Understanding the Requirements for Customs Bonds To Import Goods Into The Country

What Is a Customs Bond?

A bond is required by Customs and Border Protection (CBP) for any party who imports goods or transports imported goods through the United States. It acts as a sort of insurance policy for CBP to ensure that they are reimbursed in the event the shipping party does not meet their obligations. This CBP bond is essentially a contract that is used to guarantee the requirements imposed by the CBP are satisfied.

There are three parties involved in a CBP bond: a principal, a surety, and a beneficiary. The principal is the importer, carrier, warehouse, broker, etc. that is attempting to import goods into the United States. The surety is the insurance company or licensed customs broker authorized by the Department of the Treasury that issues the CBP bond to the principal. The final party is the beneficiary, which is always the US Customs and Border Protection.

Types of Customs Bonds

There are two types of CBP bonds that are directed toward different necessities: Single Transaction Bonds (STB) and Continuous Bonds (CB). Because bonds are necessary for nearly all-formal CBP entries, they are available to cover multiple transactions. Promptus LLC works with both first-time shippers and long-time business importers to help them get the necessary requirements to successfully clear Customs. The type of bond you will need will depend on how often you will be importing into the United States.

  • Single Transaction Bonds are, as the name suggests, for single importations. They typically can be purchased at the value of the goods being imported, excluding any applicable taxes, fees, and duties. This is an ideal option for shippers who are not importing into the US often.
  • Continuous Bonds are for importers who will be bringing goods into the US often and covers multiple transactions. Importers can obtain them for approximately 10% of the duties, taxes, and fees.

How Can I Obtain a Customs Bond?

A CBP bond can be attained through a surety licensed by the Treasury Department. However, many companies prefer to use a customs broker to take care of filing all the necessary documents and fulfilling Customs requirements. A CBP power of attorney will first need to be filed to allow your licensed customs broker to act on your behalf.

If you wish to obtain a CB bond, you will need to apply through the United States Customs and Border Protection via the entry office at your desired import destination.
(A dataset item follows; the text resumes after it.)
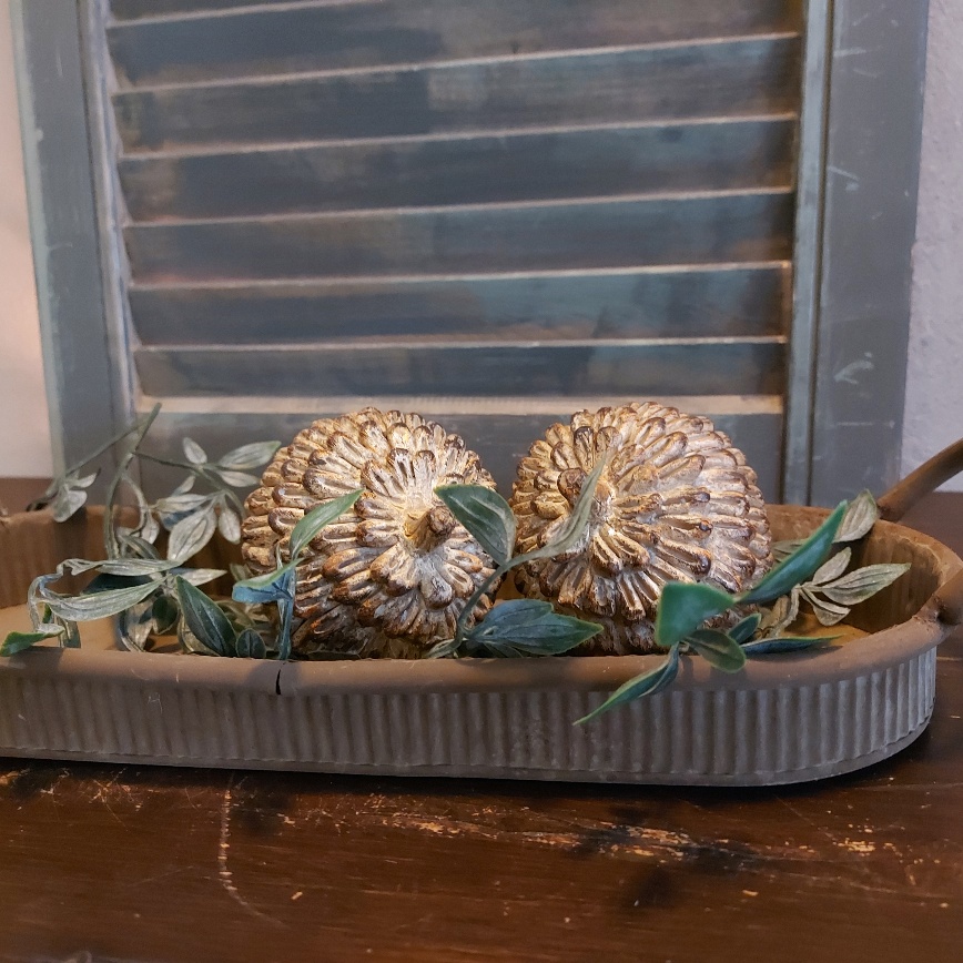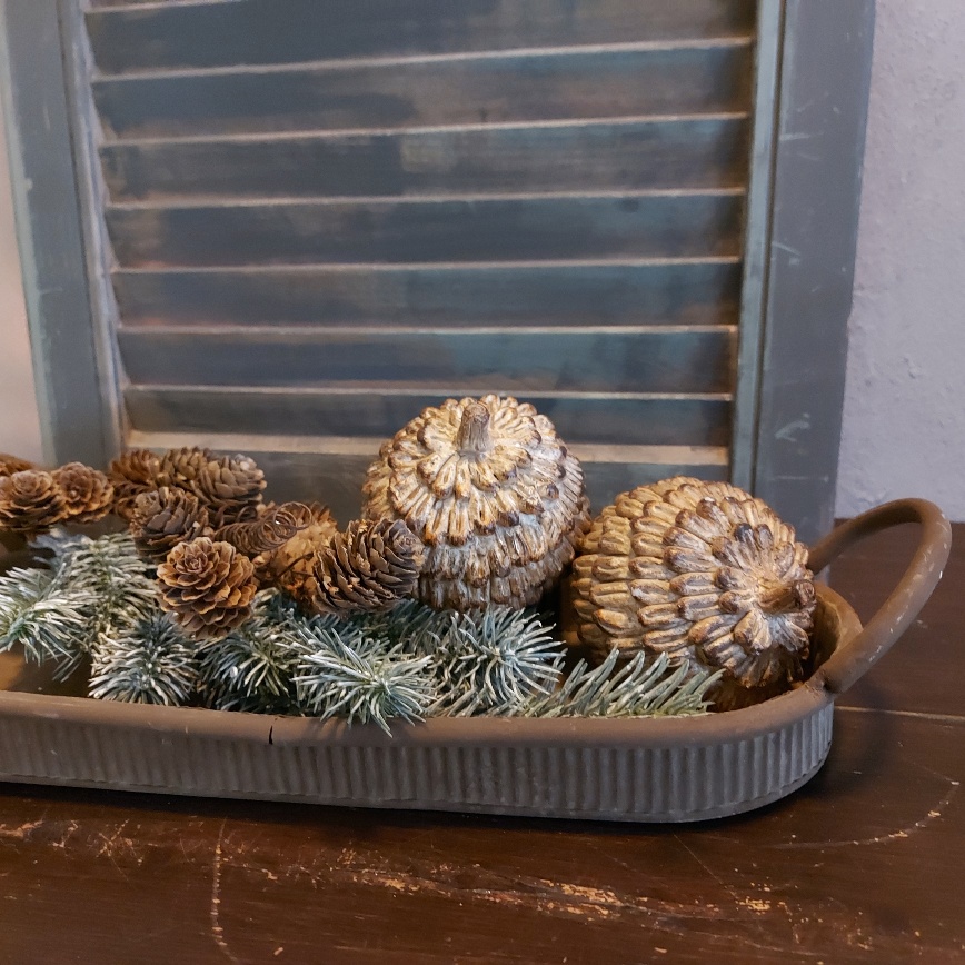 Leg één van twee dennenappels op een mooie schaal, takje groen is bij en klaar ben je. Een prachtige landelijke decoratie voor de herfst en de kerstperiode.

You will need to submit several various documents and pay any applicable duties and taxes before it will be issued. Promptus LLC has been providing global logistics services for over 15 years, and can help clients understand the monetary guidelines of the appropriate bond for your import needs or learn more about the Bonds Centralization Program.

Make Sure You Cover All the Bases

Don’t run the risk of having your goods held by Customs for lack of meeting a necessary requirement. Imports that aren’t successfully cleared by customs may incur additional fees or require additional documents to release the shipment. Promptus LLC is centrally located in South Florida and has been working with high traffic locations such as the Port of Miami for over a decade. Choosing an experienced global logistics company can help ensure you dot all the I’s and cross all the T’s so your goods can clear Customs with no hassle.